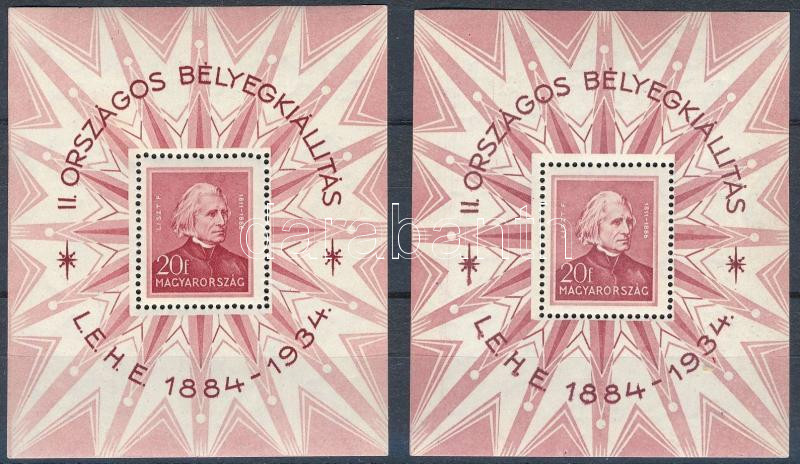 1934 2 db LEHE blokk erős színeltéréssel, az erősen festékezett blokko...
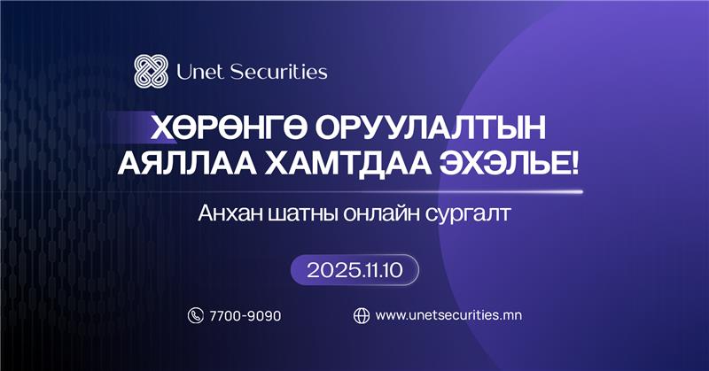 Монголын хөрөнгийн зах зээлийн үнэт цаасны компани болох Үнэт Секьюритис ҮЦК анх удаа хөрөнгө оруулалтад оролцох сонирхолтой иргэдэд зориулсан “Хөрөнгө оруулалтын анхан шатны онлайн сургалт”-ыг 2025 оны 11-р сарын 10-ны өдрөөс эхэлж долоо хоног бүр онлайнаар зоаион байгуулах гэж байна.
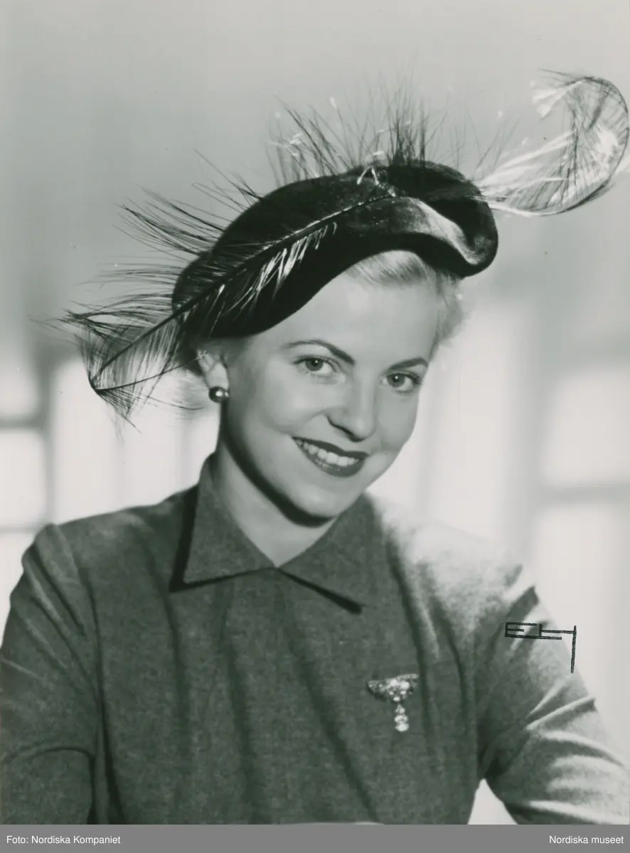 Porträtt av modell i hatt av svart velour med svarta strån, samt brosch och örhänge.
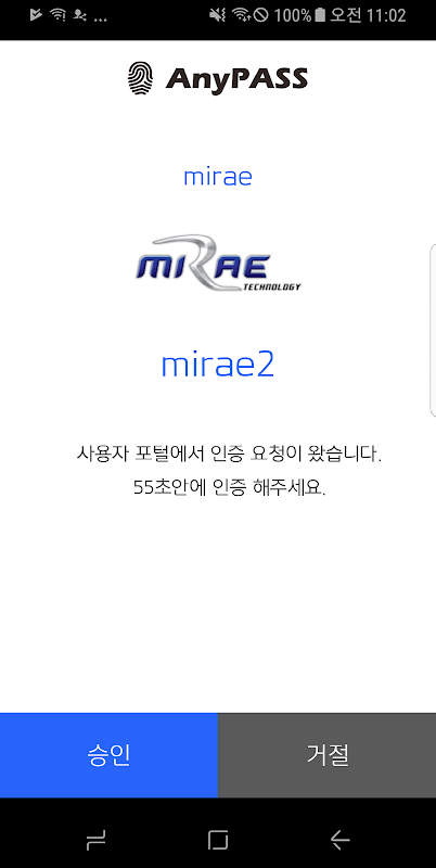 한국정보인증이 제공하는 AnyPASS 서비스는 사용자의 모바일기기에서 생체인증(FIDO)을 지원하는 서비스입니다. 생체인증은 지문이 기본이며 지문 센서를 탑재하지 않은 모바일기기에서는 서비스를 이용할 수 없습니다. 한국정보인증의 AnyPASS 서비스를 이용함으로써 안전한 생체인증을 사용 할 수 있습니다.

____

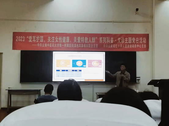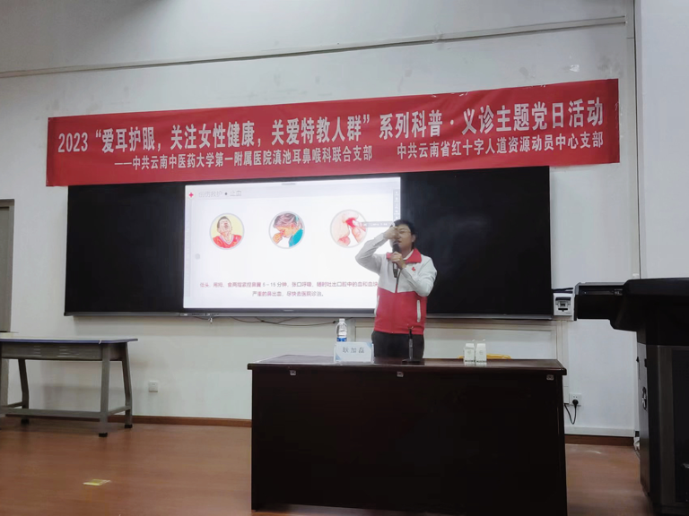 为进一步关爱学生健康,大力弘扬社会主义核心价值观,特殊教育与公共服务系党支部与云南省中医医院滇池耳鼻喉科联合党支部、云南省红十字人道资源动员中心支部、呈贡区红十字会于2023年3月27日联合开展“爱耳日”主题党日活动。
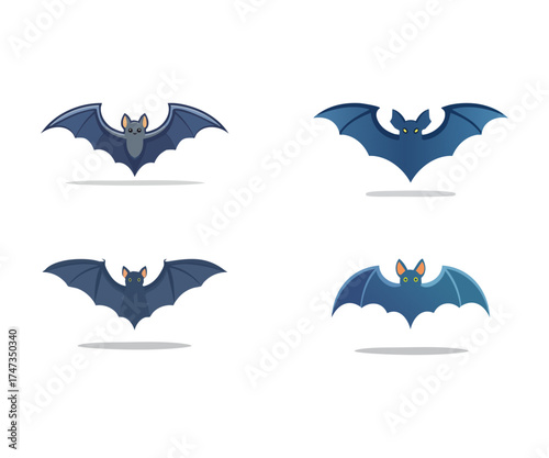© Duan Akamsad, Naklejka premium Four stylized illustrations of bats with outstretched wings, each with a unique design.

____

Exercise.
Looking above, find the stretch of lines that opens with the one holding "1934 2 db LEHE" and closes with the one holding "한국정보인증이 제공하는 AnyPASS". Copy it exactly, pictures excluded.

Output for this exercise.
 1934 2 db LEHE blokk erős színeltéréssel, az erősen festékezett blokko...
 Монголын хөрөнгийн зах зээлийн үнэт цаасны компани болох Үнэт Секьюритис ҮЦК анх удаа хөрөнгө оруулалтад оролцох сонирхолтой иргэдэд зориулсан “Хөрөнгө оруулалтын анхан шатны онлайн сургалт”-ыг 2025 оны 11-р сарын 10-ны өдрөөс эхэлж долоо хоног бүр онлайнаар зоаион байгуулах гэж байна.
 Porträtt av modell i hatt av svart velour med svarta strån, samt brosch och örhänge.
 한국정보인증이 제공하는 AnyPASS 서비스는 사용자의 모바일기기에서 생체인증(FIDO)을 지원하는 서비스입니다. 생체인증은 지문이 기본이며 지문 센서를 탑재하지 않은 모바일기기에서는 서비스를 이용할 수 없습니다. 한국정보인증의 AnyPASS 서비스를 이용함으로써 안전한 생체인증을 사용 할 수 있습니다.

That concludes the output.